**Try it:**
Any images in the records should be skipped; transcribe the rest exactly.

(Dataset records)

□ □ □ □ □ □ □

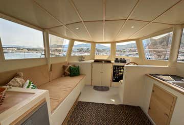 The motor boat planned for the excursion is 10 metres long and 4 metres wide. On board there is a bathroom, shower, refrigerator, stereo for music, seats with comfortable cushions and a sun shade.
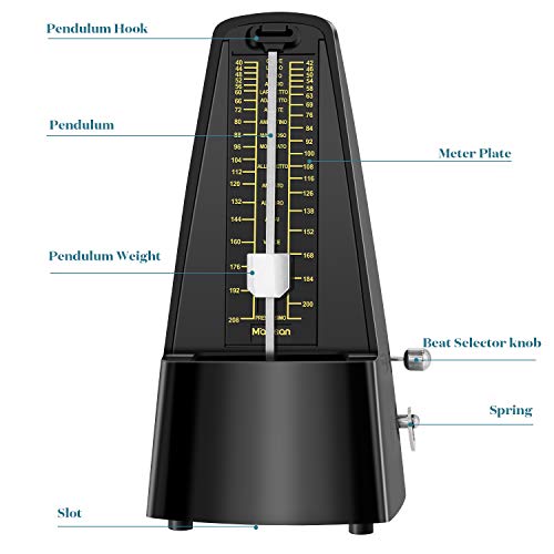 MARTISAN Metronomo Meccanico di Alta Precisione per Tutti i tipi di Strumenti Musicali per Pianoforte, Grancassa, Violino, Chitarra e Strumenti a Fiato, Nero
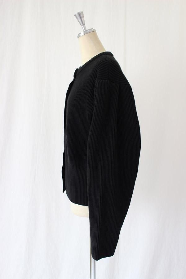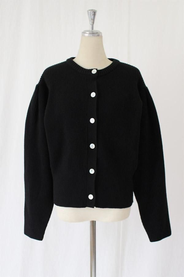 スリーブコンシャスなデザインが特徴のあぜ編みニットカーディガン。
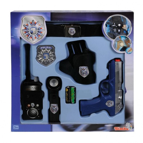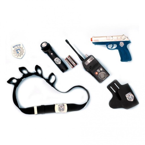 ремінь, пістолет з кобурою, рація, поліцейський значок, поліцейський ліхтарик (працює від 2 батарейок аа), 2 батарейки аа,
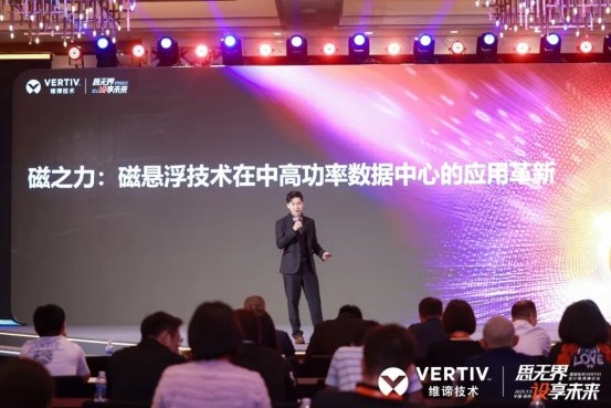 在本次峰会上,维谛技术(Vertiv)中国区热管理解决方案部高级产品经理贾晨昱先生重磅发布了维谛技术最新的数据中心制冷创新成果——磁悬浮技术方案,为行业提供了新的解题思路。维谛技术本次峰会上推出了两套磁悬浮技术方案,分别是磁悬浮冷冻水系统和磁悬浮多联风冷系统。磁悬浮冷冻水系统主要应用于大型机房,可满足500-4000柜中高功率服务器整机柜制冷需求,兼容性极佳,可兼容风冷,液冷,同时节能效率更高,可显著降低机房能耗,并且寿命高达25年。磁悬浮多联风冷系统主要应用在中小型机房,满足200-3000中高功率服务器整机柜制冷需求,应用部署灵活,可兼容0-45kw的风冷散热需求,同时集成了磁悬浮,氟泵等节能技术,制冷上更高效,并且是无油运行,维护更方便。
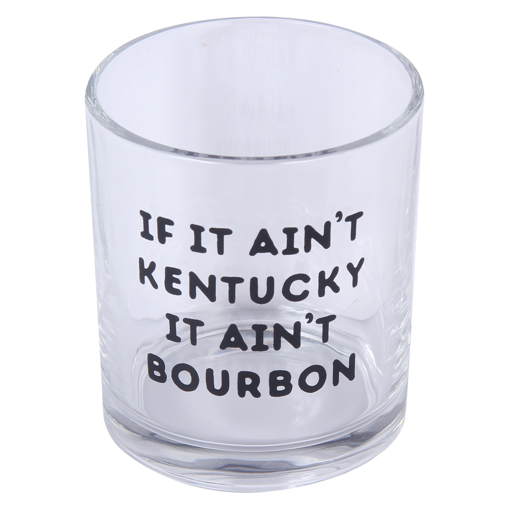 Raise a glass to bourbon authenticity with this cheeky If It Ain't Kentucky It Ain't Bourbon Rocks Glass. Emblazoned with the bold declaration "If it ain't Kentucky it ain't bourbon," it's the perfect vessel for whiskey enthusiasts who know their spirits. Whether you're sipping a premium pour or settling in for a casual evening, this glass brings personality to every drink. A great gift for bourbon lovers and a conversation starter for any home bar.
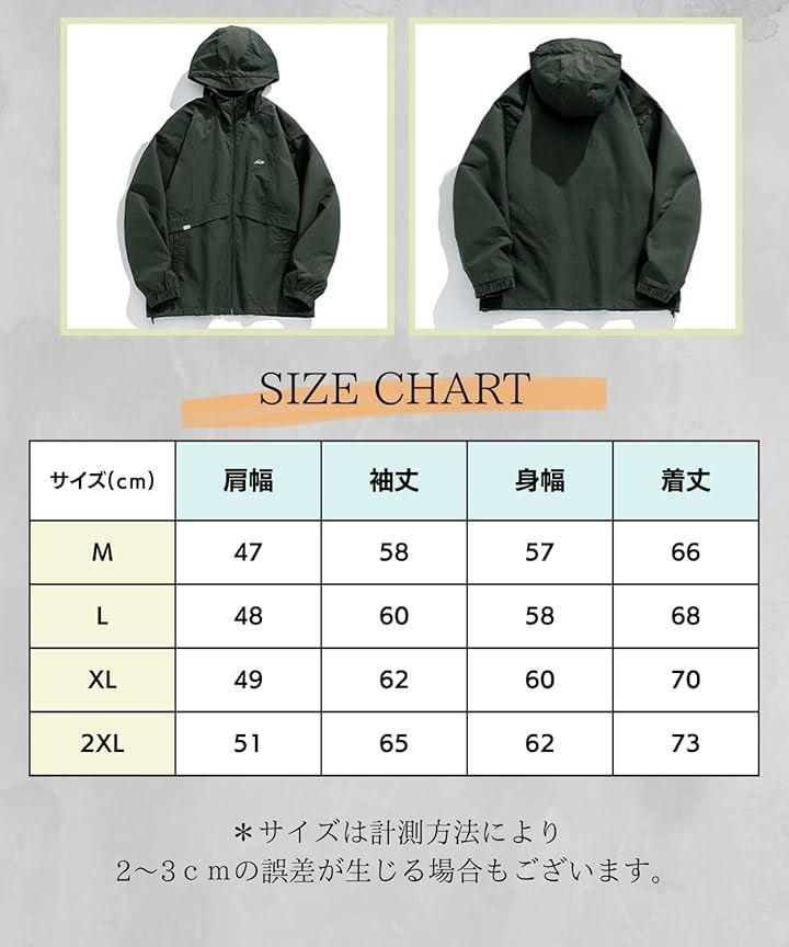 「素材」ポリエステル 「カラー」ブラック・ブラウン・グリーン・ライトグリーン「サイズ」M・L・XL・2XL「M」肩幅47/袖丈58/バスト57/丈66 「L」肩幅48/袖丈60/バスト58/丈68「XL」肩幅49/袖丈62バスト60/丈70「2XL」肩幅51/袖丈65/バスト62/丈73 *サイズは計測方法により2~3cmの誤差が生じる場合もございます。
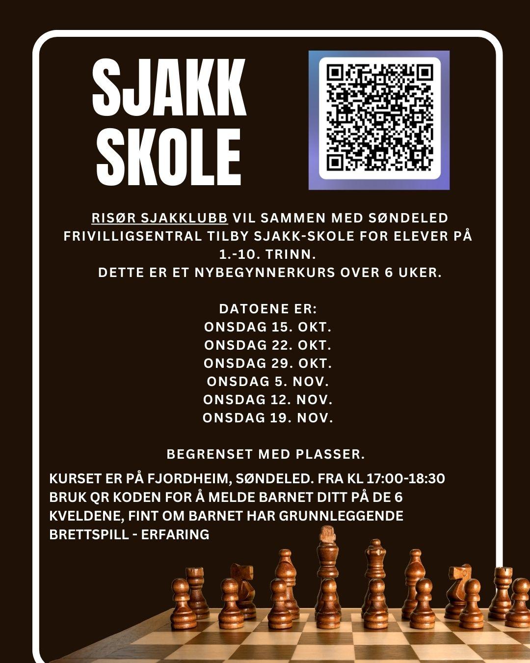 Risør Sjakk-klubb vil i samarbeid med frivilligsentralen holde et 6 ukers nybegynnerkurs for barn og unge fra 1.-10. klasse.

□ □ □ □ □ □ □

**Output of the exercise:**
 The motor boat planned for the excursion is 10 metres long and 4 metres wide. On board there is a bathroom, shower, refrigerator, stereo for music, seats with comfortable cushions and a sun shade.
 MARTISAN Metronomo Meccanico di Alta Precisione per Tutti i tipi di Strumenti Musicali per Pianoforte, Grancassa, Violino, Chitarra e Strumenti a Fiato, Nero
 スリーブコンシャスなデザインが特徴のあぜ編みニットカーディガン。
 ремінь, пістолет з кобурою, рація, поліцейський значок, поліцейський ліхтарик (працює від 2 батарейок аа), 2 батарейки аа,
 在本次峰会上,维谛技术(Vertiv)中国区热管理解决方案部高级产品经理贾晨昱先生重磅发布了维谛技术最新的数据中心制冷创新成果——磁悬浮技术方案,为行业提供了新的解题思路。维谛技术本次峰会上推出了两套磁悬浮技术方案,分别是磁悬浮冷冻水系统和磁悬浮多联风冷系统。磁悬浮冷冻水系统主要应用于大型机房,可满足500-4000柜中高功率服务器整机柜制冷需求,兼容性极佳,可兼容风冷,液冷,同时节能效率更高,可显著降低机房能耗,并且寿命高达25年。磁悬浮多联风冷系统主要应用在中小型机房,满足200-3000中高功率服务器整机柜制冷需求,应用部署灵活,可兼容0-45kw的风冷散热需求,同时集成了磁悬浮,氟泵等节能技术,制冷上更高效,并且是无油运行,维护更方便。
 Raise a glass to bourbon authenticity with this cheeky If It Ain't Kentucky It Ain't Bourbon Rocks Glass. Emblazoned with the bold declaration "If it ain't Kentucky it ain't bourbon," it's the perfect vessel for whiskey enthusiasts who know their spirits. Whether you're sipping a premium pour or settling in for a casual evening, this glass brings personality to every drink. A great gift for bourbon lovers and a conversation starter for any home bar.
 「素材」ポリエステル 「カラー」ブラック・ブラウン・グリーン・ライトグリーン「サイズ」M・L・XL・2XL「M」肩幅47/袖丈58/バスト57/丈66 「L」肩幅48/袖丈60/バスト58/丈68「XL」肩幅49/袖丈62バスト60/丈70「2XL」肩幅51/袖丈65/バスト62/丈73 *サイズは計測方法により2~3cmの誤差が生じる場合もございます。
 Risør Sjakk-klubb vil i samarbeid med frivilligsentralen holde et 6 ukers nybegynnerkurs for barn og unge fra 1.-10. klasse.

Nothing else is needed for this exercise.